# EXERCISE:
Below is a listing; print exactly its lines from the one containing "Create a community" down to the one containing "4 hi low eliminator", both inclusive, with every picture left out.

# DATASET ENTRIES:
--- START ---

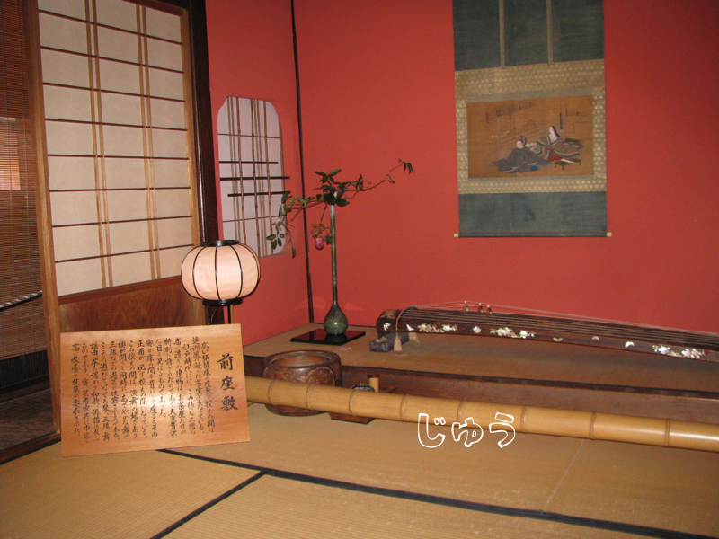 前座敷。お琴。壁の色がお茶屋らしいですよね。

--- END ---
--- START ---

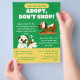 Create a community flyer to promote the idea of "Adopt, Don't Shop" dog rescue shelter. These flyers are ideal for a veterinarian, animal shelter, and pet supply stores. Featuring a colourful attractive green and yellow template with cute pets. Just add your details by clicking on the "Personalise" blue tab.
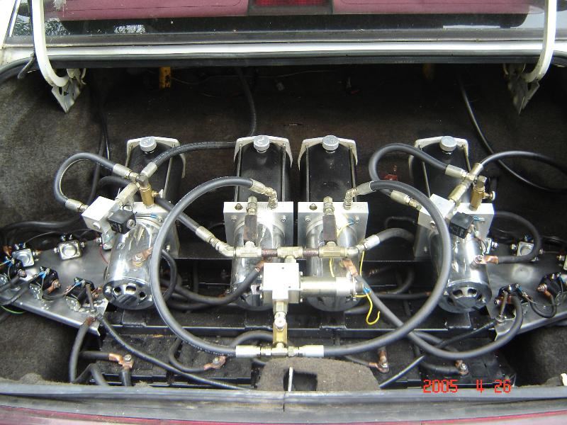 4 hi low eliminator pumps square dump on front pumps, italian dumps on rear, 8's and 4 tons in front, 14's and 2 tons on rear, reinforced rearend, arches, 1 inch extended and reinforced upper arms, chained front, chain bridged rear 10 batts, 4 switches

--- END ---

# ANSWER FOR THE TASK:
 Create a community flyer to promote the idea of "Adopt, Don't Shop" dog rescue shelter. These flyers are ideal for a veterinarian, animal shelter, and pet supply stores. Featuring a colourful attractive green and yellow template with cute pets. Just add your details by clicking on the "Personalise" blue tab.
 4 hi low eliminator pumps square dump on front pumps, italian dumps on rear, 8's and 4 tons in front, 14's and 2 tons on rear, reinforced rearend, arches, 1 inch extended and reinforced upper arms, chained front, chain bridged rear 10 batts, 4 switches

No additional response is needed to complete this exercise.